O novo perfume de Madonna ostenta o nome do seu "anti-documentário" de 1991, Truth or Dare (entre nós: Na Cama com Madonna), realizado por Alek Keshishian. A sua promoção parte de um trabalho fotográfico de Mert Alas e Marcus Piggott e explora um velho dispositivo de glamour: a estrela que se duplica e, de algum modo, contempla na sua própria imagem no espelho.
Assim, é verdade que esse jogo de espelho(s) faz parte de muitas formas correntes de tratamento da star, em particular no domínio publicitário. Com uma essencial componente de narcisismo, perversamente partilhado com o espectador/consumidor: a estrela é aquela (ou aquele) que se envolve na fruição da sua própria imagem.
Mas não é menos verdade que, não poucas vezes, no imaginário contemporâneo da celebridade (veja-se o filme Celebrity, de Woody Allen, recentemente lançado entre nós, em DVD), a estrela parece viver tão só da produção da sua imagem, com ela se confundindo, porventura nela se esgotando. Exemplo recente: as fotografias de Megan Fox para uma campanha da Armani — belas e estranhas imagens: a figura satisfaz-se num regime de casta autocontemplação, já não há lugar para o vai-vém sensual entre o corpo e o reflexo, o espelho confunde-se com a imagem.
A fotografia de Madonna, por Mert & Marcus, pertence a um universo primitivo do glamour (resta saber se sem este primitivismo ainda há glamour?). As suas raízes estão menos no universo publicitário e mais no sistema figurativo clássico do cinema e dos seus intérpretes (que é também, obviamente, o sistema figurativo do cinema clássico). Tal como outras estrelas que aqui se recordam [fotos em baixo], Madonna oferece-se — dissimula-se e escapa-se — através da coexistência lúdica, algo incestuosa, com a sua própria imagem, por assim dizer desafiando o espelho a devolver-lhe uma verdade que ela ainda não tenha dito.
Com um detalhe que lhe confere uma aguda consciência crítica do classicismo: não há simetria entre o corpo e a sua imagem (repare-se, em particular, na diferença dos olhos).
Com um detalhe que lhe confere uma aguda consciência crítica do classicismo: não há simetria entre o corpo e a sua imagem (repare-se, em particular, na diferença dos olhos).

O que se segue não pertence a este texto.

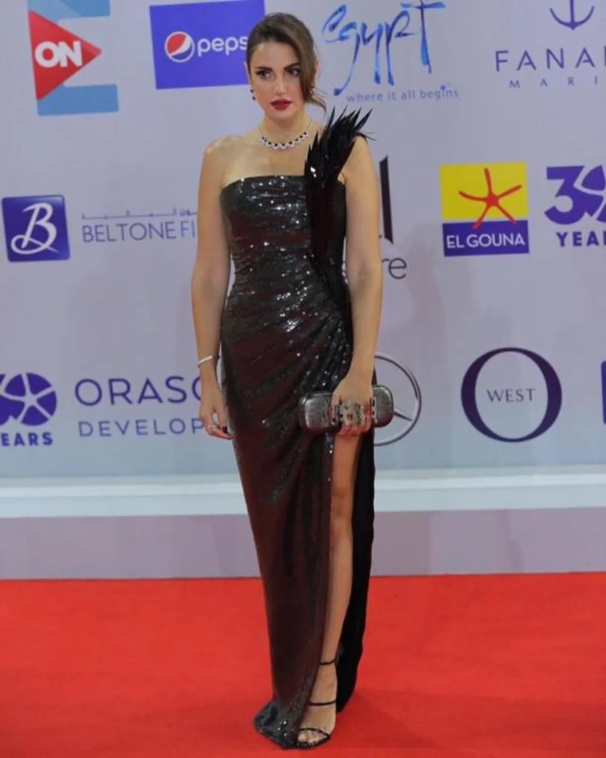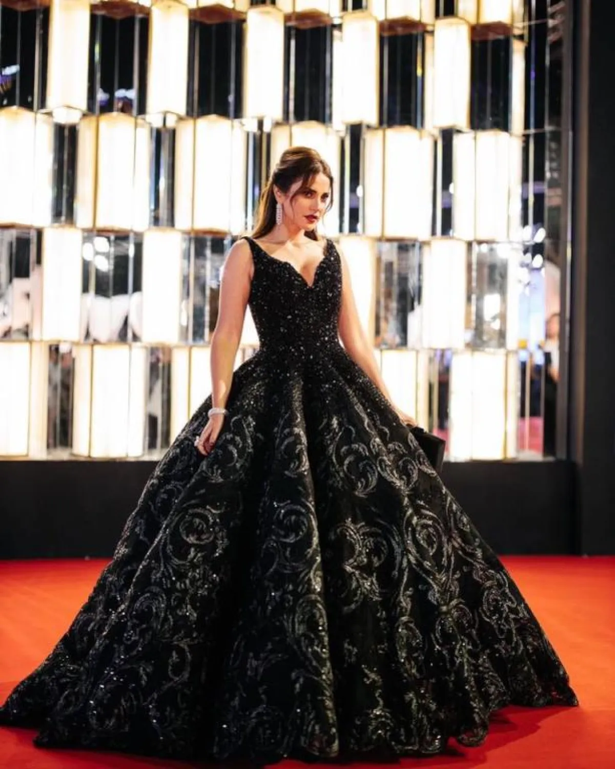 فستان أسود من الترتر اختارته درة زروق على السجادة الحمراء
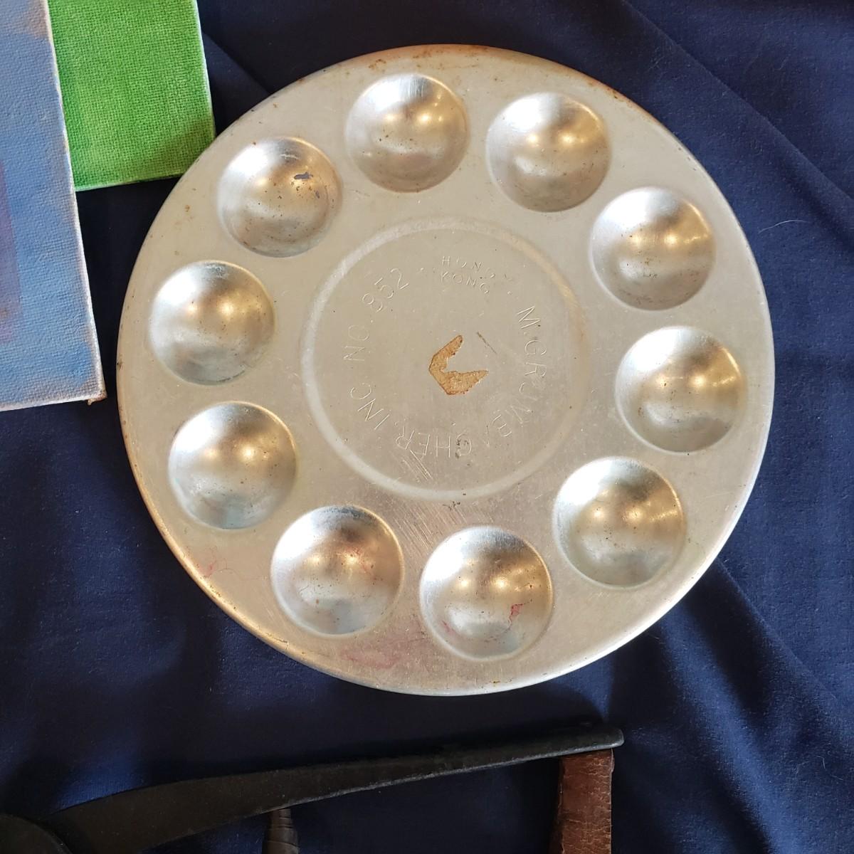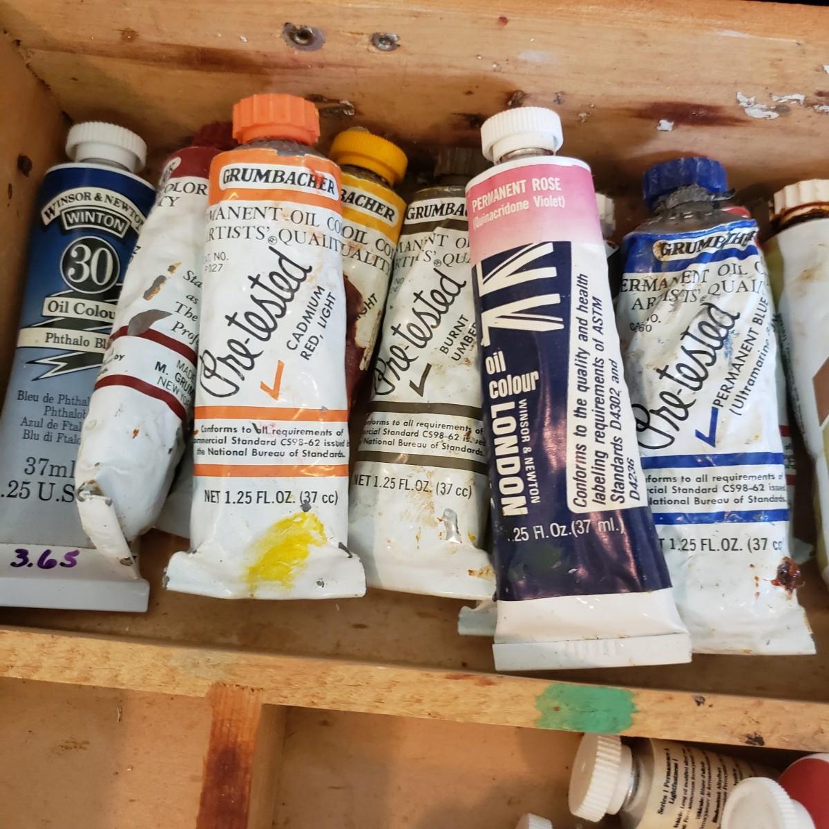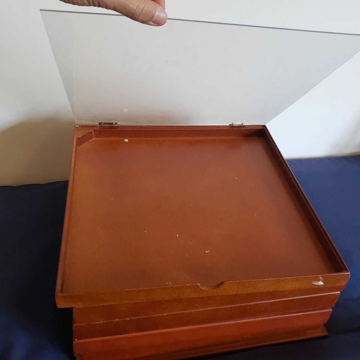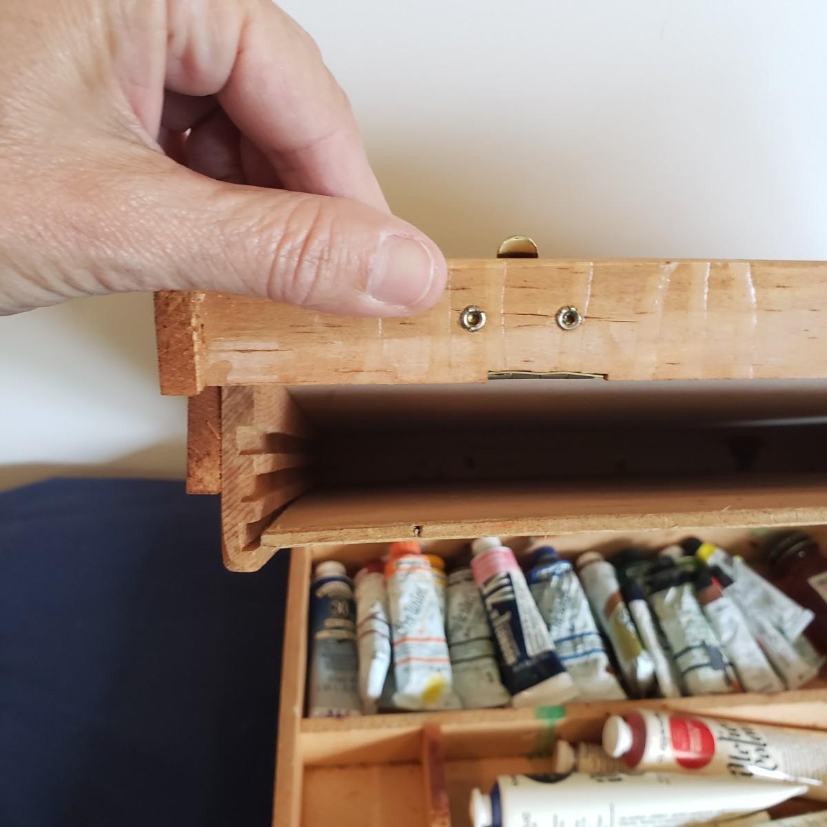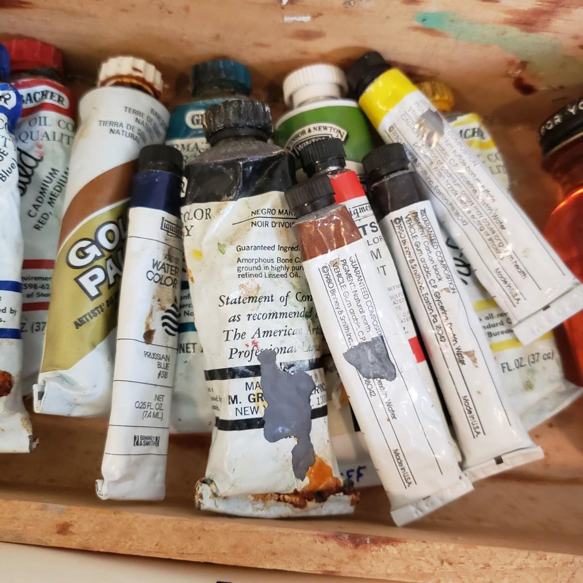 This art supply lot has a number of sketch books ready for your creativity! There are pictures of each book and a side view of how many pages are in each book. There is a brand new three pack of Fredrix 11" x 15" canvases. The six wooden easels measure 10" x 9" x 15"H when standing. The wood case with locks and a handle contains paint and brushes. The contents/age of the paint tubes cannot be guaranteed, but they do feel soft. The five tiered wood box that swivels from one corner can hold all your artistic supplies! The box measures 14" x 14" x 7"H. The lid is made of clear plexiglass.
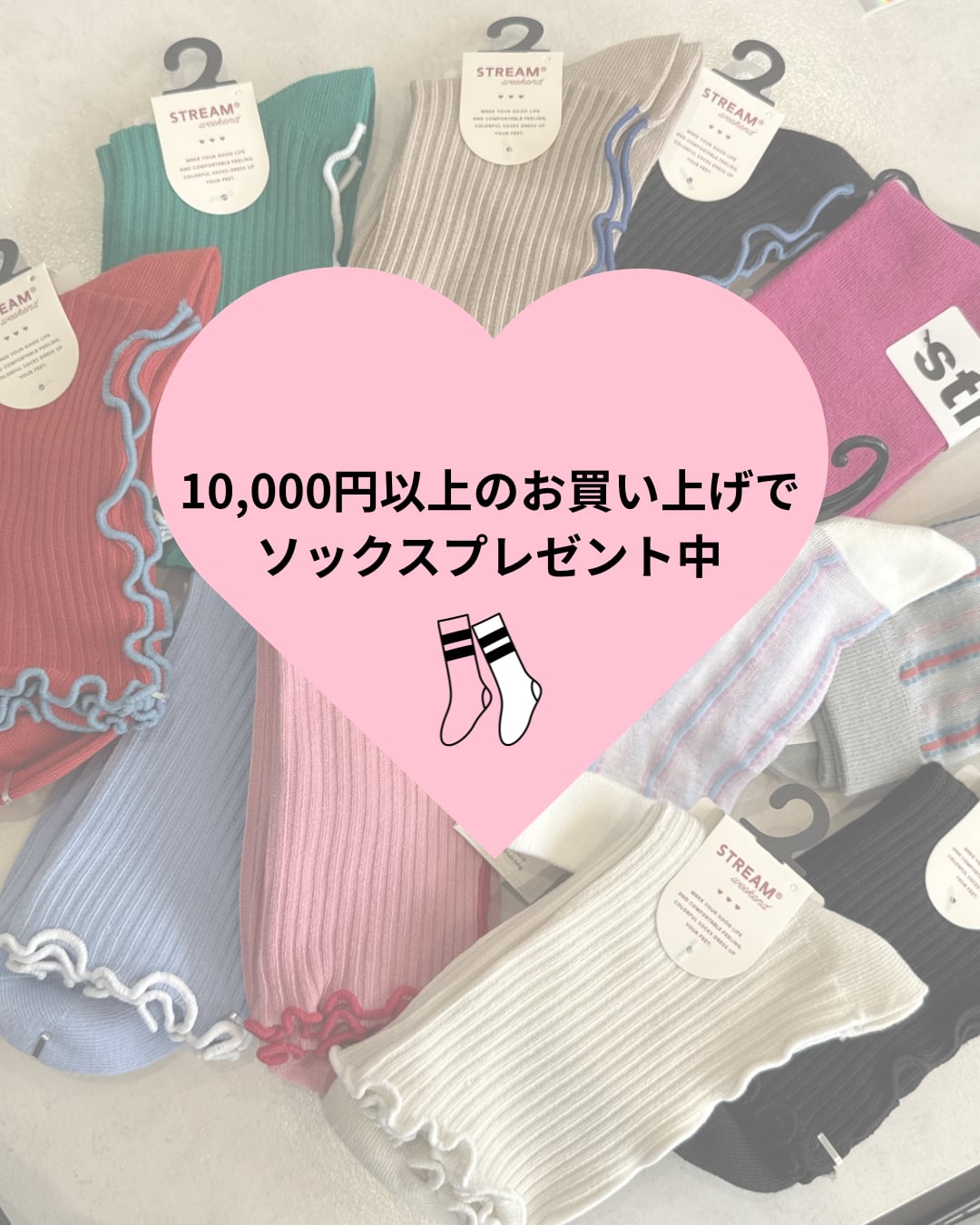 ご注文金額が¥10,000以上のお客様にはこちらで自動的にソックスをプレゼントさせていただきます。お客様に何かしていただく必要はございません。
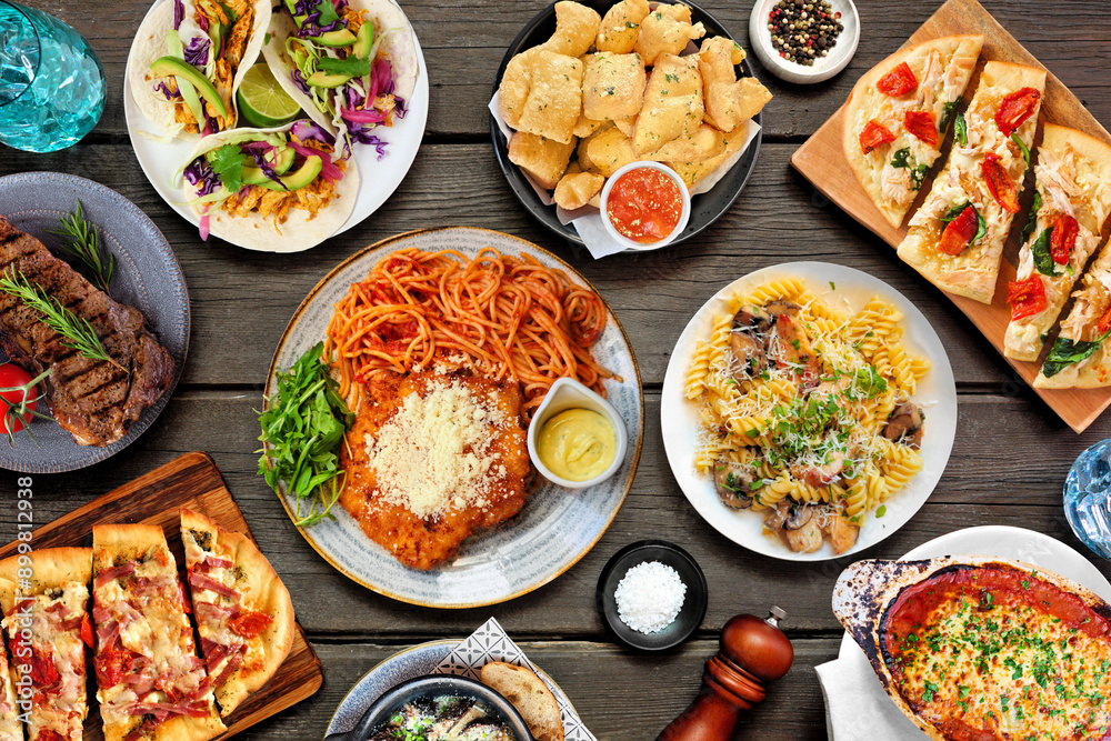 Table scene of various delicious foods. Top down view on a dark wood background. Pastas, flatbreads, tacos, steak and restaurant theme dishes.
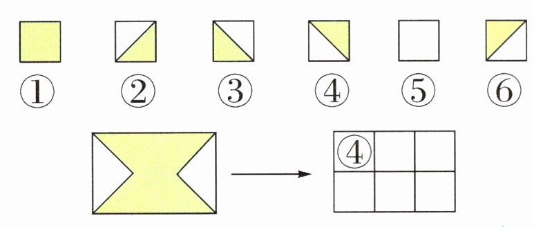 2. 下面的图案分别是由①~⑥号小图形通过平移得到的。在空格内填入相应图形的编号。(每个图形可以重复使用)
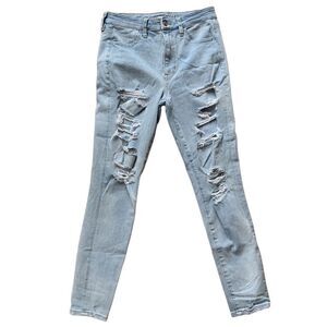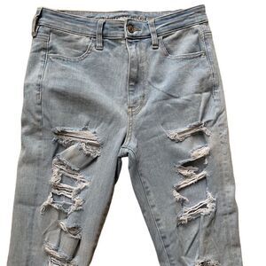 American Eagle Ripped Super High-Waisted Jegging Light Wash Jeans Size 6
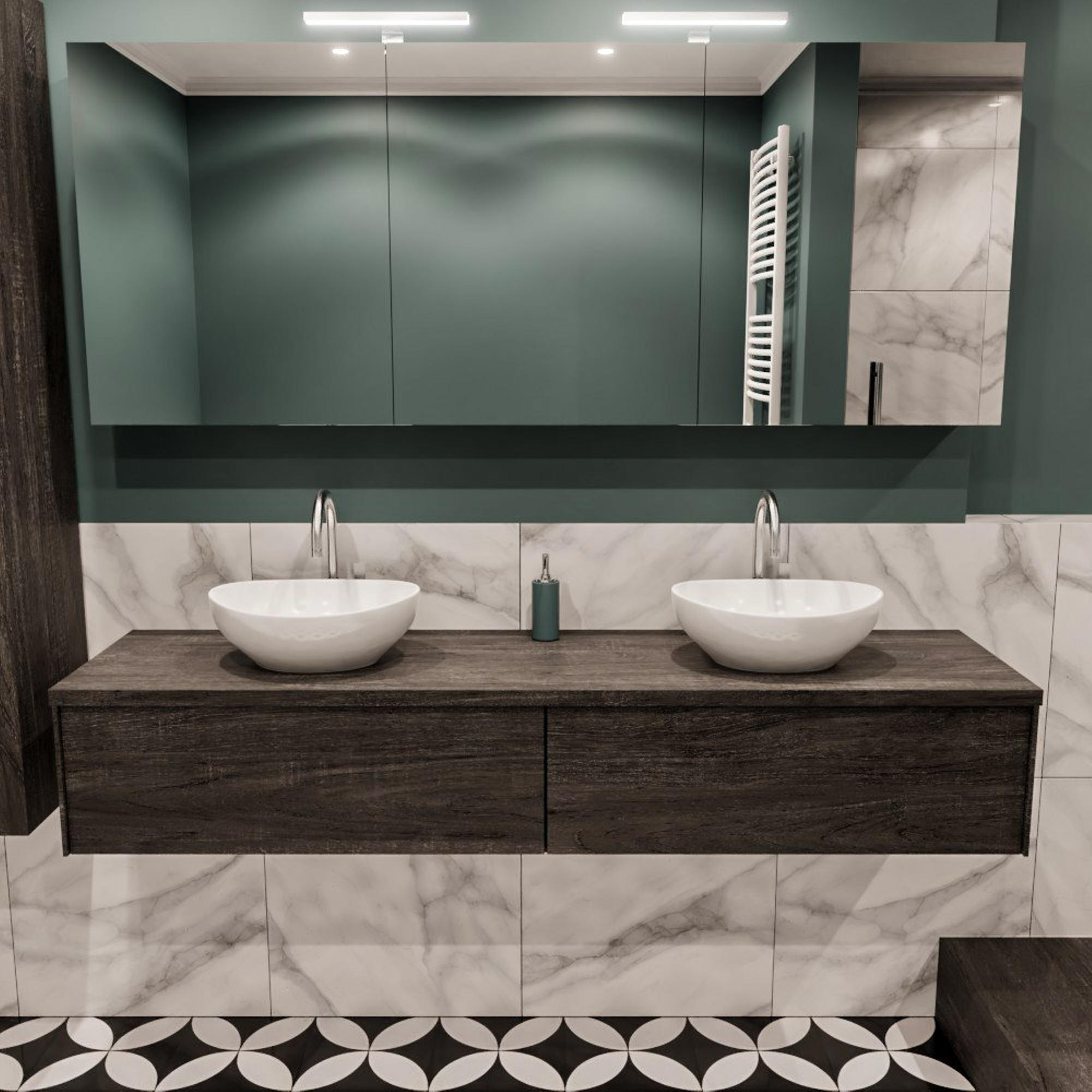 MONDIAZ LUSH Ensemble de meuble de salle de bain - 180cm - 2 tiroirs - lavabo BARCO - 2 lavabos - 2 trous de robinet - marron foncé
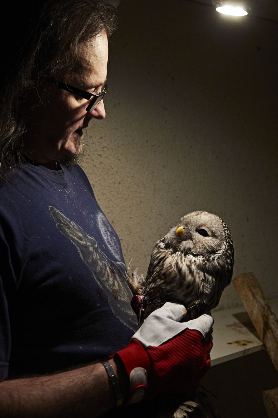 Jarmo poimii kopasta poikasen toisensa jälkeen. Häkeissä sisällä ja ulkona odottavat aamiaista viirupöllö, valkoposkihanhi, kuusi varista, kaksi siiliä, kolme pulua, 14 isompaa oravanpoikaa ja siipivaivainen peipponen.
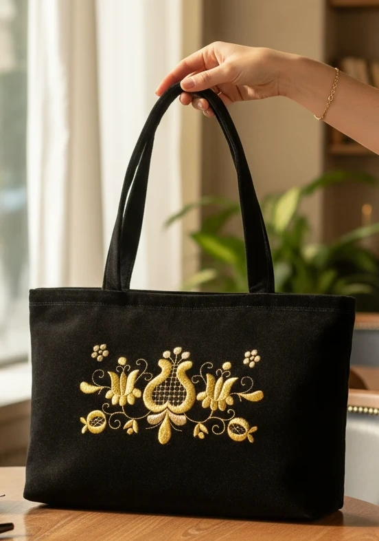 Torebka haftowana na ramię – kaszubski wzór złotniczy
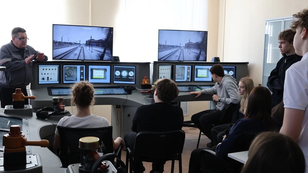 Преподаватели рассказали школьникам о профессиях «осмотрщик вагонов», «монтёр пути», «оператор сортировочной горки» и «помощник машиниста тепловоза», а также показали учебные классы, где проходят теоретические и практические занятия. На специальных тренажёрах все желающие могли попробовать себя в роли машинистов виртуальных поездов и операторов сортировочной горки.
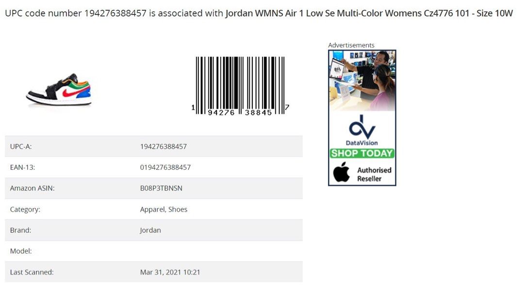 Nike Air Jordan 1 Low SE Multi-Color Size 42 Barcode 194276388457 on Carousell qr code jordan 1
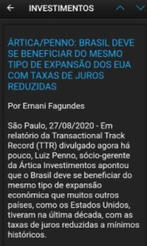 Em relatório da Transactional Track Record (TTR) divulgado agora há pouco, Luiz Penno, sócio-gerente da Ártica Investimentos apontou que o Brasil deve se beneficiar do mesmo tipo de expansão econômica que muitos outros países, como os Estados Unidos, tiveram na última década, com as taxas de juros reduzidas a mínimos históricos.
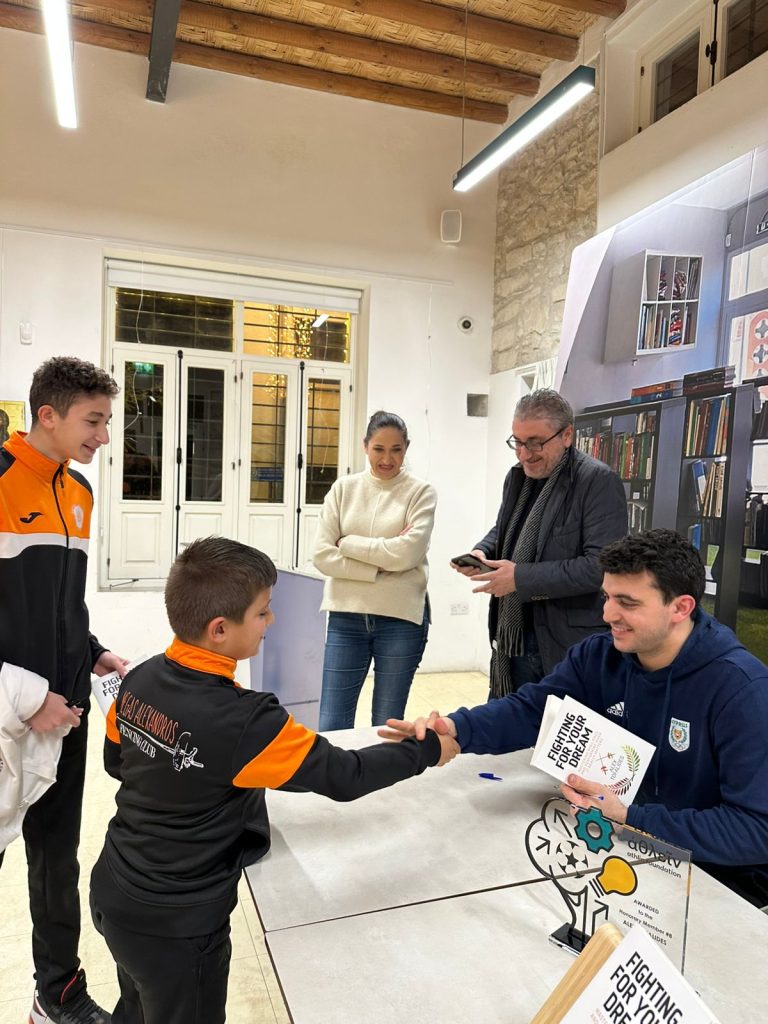 Μεταξύ αυτών που τίμησαν την εκδήλωση, ξεχώρισε και η παρουσία αθλητών ξιφασκίας του Συλλόγου Ξιφασκίας «Μέγας Αλέξανδρος» Αραδίππου, οι οποίοι είχαν την ευκαιρία να συζητήσουν με τον αθλητή, να εμπνευστούν από το παράδειγμά του και να λάβουν προσωπικά υπογεγραμμένα αντίτυπα.

Quer isto dizer que, no limite, também não há distinção entre a materialidade do corpo e a imaterialidade da imagem. Como nos muitos telediscos em que se duplica (Material Girl, Papa Don't Preach, Bad Girl, etc., etc., etc.), Madonna leva-nos a reconhecer que não sabemos se estamos ao lado da pessoa ou do lado da imagem — em termos artísticos, é um princípio erótico; no plano específico da imagem, uma ética do olhar.